At the risk of bringing bad luck to the situation, fears of a broader collapse of the banking sector, which spread yesterday from the United States to Europe, seem (still) to have subsided.

It is thanks to the extraordinary number of measures that financial regulators and central banks on both sides of the Atlantic have used to boost confidence. And these are not just empty promises. For example, four days after the Fed introduced the Term Bank Funding Program — which lends money to banks for a year in exchange for high-quality collateral — financial institutions have already borrowed $11.9 billion. dollars to the program. Whether this number reveals material weakness in banks’ balance sheets is not really the question.
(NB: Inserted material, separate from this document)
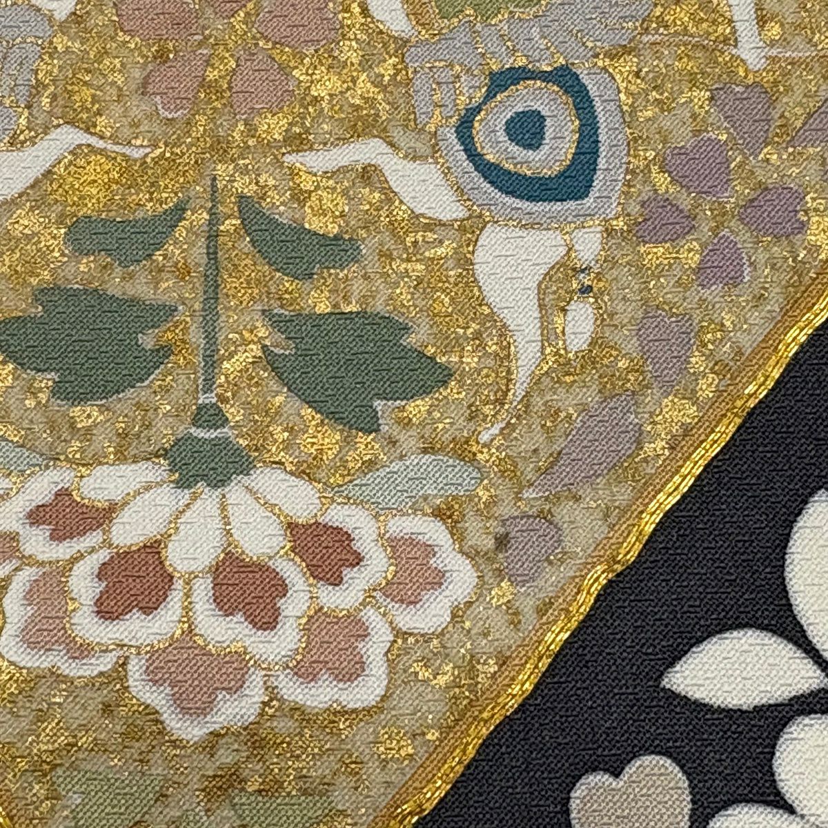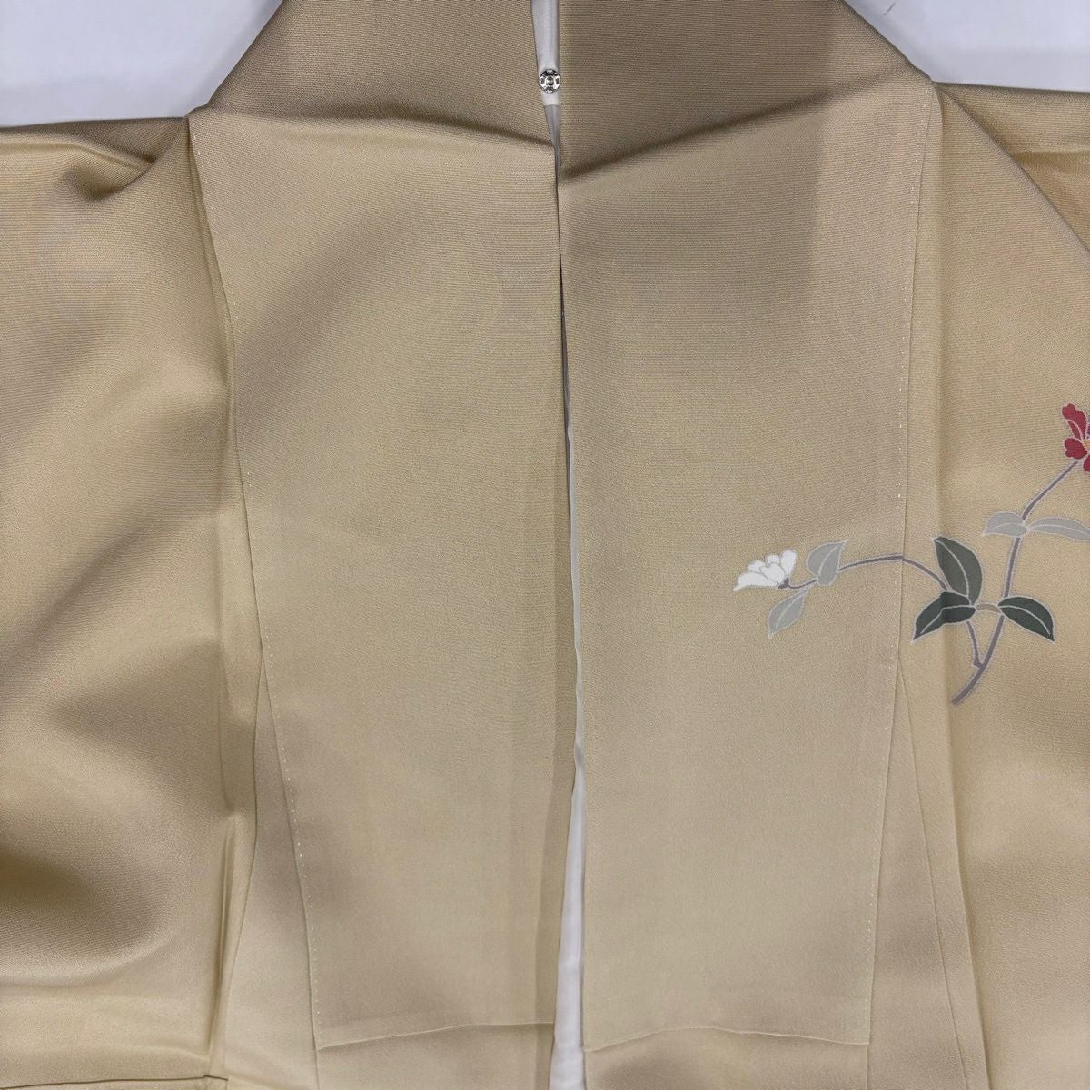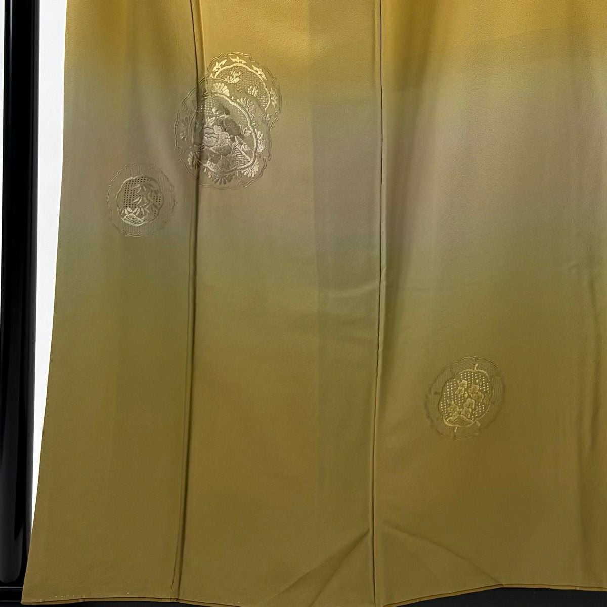 【美品】 訪問着 身丈164cm 裄丈65cm M 袷 花唐草 向かい鳥 金彩 ぼかし 薄黄土色 正絹 秀品

The important thing is that consumers and investors are psychologically reassured.

Wall Street was encouraged by the rapid response to the banking crisis. The Dow Jones Industrial Average rose 1.17%, the S&P 500 rose 1.76% and the Nasdaq surprised by jumping 2.48% – tech stocks had a very strong Thursday. Alphabet rose 4.38%, Amazon added 3.99% and Microsoft rose 4.05%. Microsoft rallied after the company announced it would add artificial intelligence features, called Copilot, to applications such as Word, Powerpoint and Excel. But other tech giants likely rose because investors were betting — now that there’s evidence that something is breaking in the economy — that the Fed might not be so aggressive in raising rates. This would benefit technology companies the most.

It would also benefit the economy as a whole, which Goldman Sachs says has a 35% chance of entering recession in the next 12 months, up from 25% before the banking crisis. The two mandates of the Fed, to stabilize the economy and to fight against inflation, are increasingly opposed. It will not be an easy task.